[PATCH] D124866: [CUDA][HIP] support __noinline__ as keyword
Yaxun Liu via Phabricator via cfe-commits
cfe-commits at lists.llvm.org
Mon May 9 12:34:51 PDT 2022
yaxunl marked 4 inline comments as done.
yaxunl added a comment.
In D124866#3501203 <https://reviews.llvm.org/D124866#3501203>, @aaron.ballman wrote:
>> `__forceinline__` does not have the issue as `__noinline__` has since it is not a GCC attribute. The current CUDA/HIP implementation of `__forceinline__` in header files is sufficient. I do not see the benefit of implementing `__forceinline__` as a keyword.
>
> Primarily to reduce user confusion. It's kind of weird for `__noinline__` to be a keyword and `__forceinline__` to not be a keyword when they're both defined the same way by the CUDA spec. This means you can #undef one of them but not the other, that sort of thing.

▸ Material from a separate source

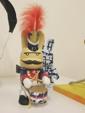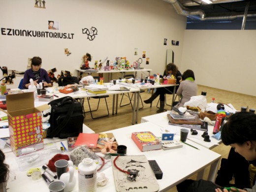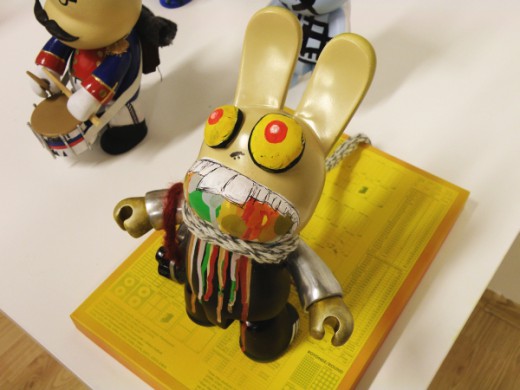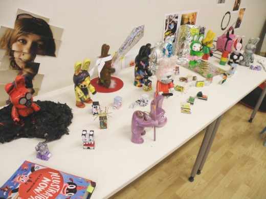 Na, o šį kartą – piešimas. Workshopą veda dvi mergaitės iš MOYTOY. Pagrindinė užduotis – iš balto vinilinio kiškio sukurti charakterį (kai kurie, darbštesni, sugalvoja savo personažams ir visą CV). Bet čia, kaip sakoma, pati ledkalnio viršūnė, dar laukia daug visokių mini-užduočių.

If we are to add `__forceinline__` as a keyword, I feel it better be a separate patch to be cleaner.
================
Comment at: clang/lib/Parse/ParseDecl.cpp:902
+ while (Tok.is(tok::kw___noinline__)) {
+ IdentifierInfo *AttrName = Tok.getIdentifierInfo();
+ SourceLocation AttrNameLoc = ConsumeToken();
----------------
tra wrote:
> aaron.ballman wrote:
> > yaxunl wrote:
> > > aaron.ballman wrote:
> > > > I think we should we be issuing a pedantic "this is a clang extension" warning here, WDYT?
> > > will do
> > I'm questioning whether my advice here was good or not -- now that I see the CUDA spec already calls these function qualifiers... it's debatable whether this is a Clang extension or just the way in which Clang implements the CUDA function qualifiers. @tra -- do you have opinions?
> >
> > I'm sort of leaning towards dropping the extension warning, but the only reason I can think of for keeping it is if Clang is the only CUDA compiler that doesn't require you to include a header before using the function qualifiers. If that's the case, there is a portability concern.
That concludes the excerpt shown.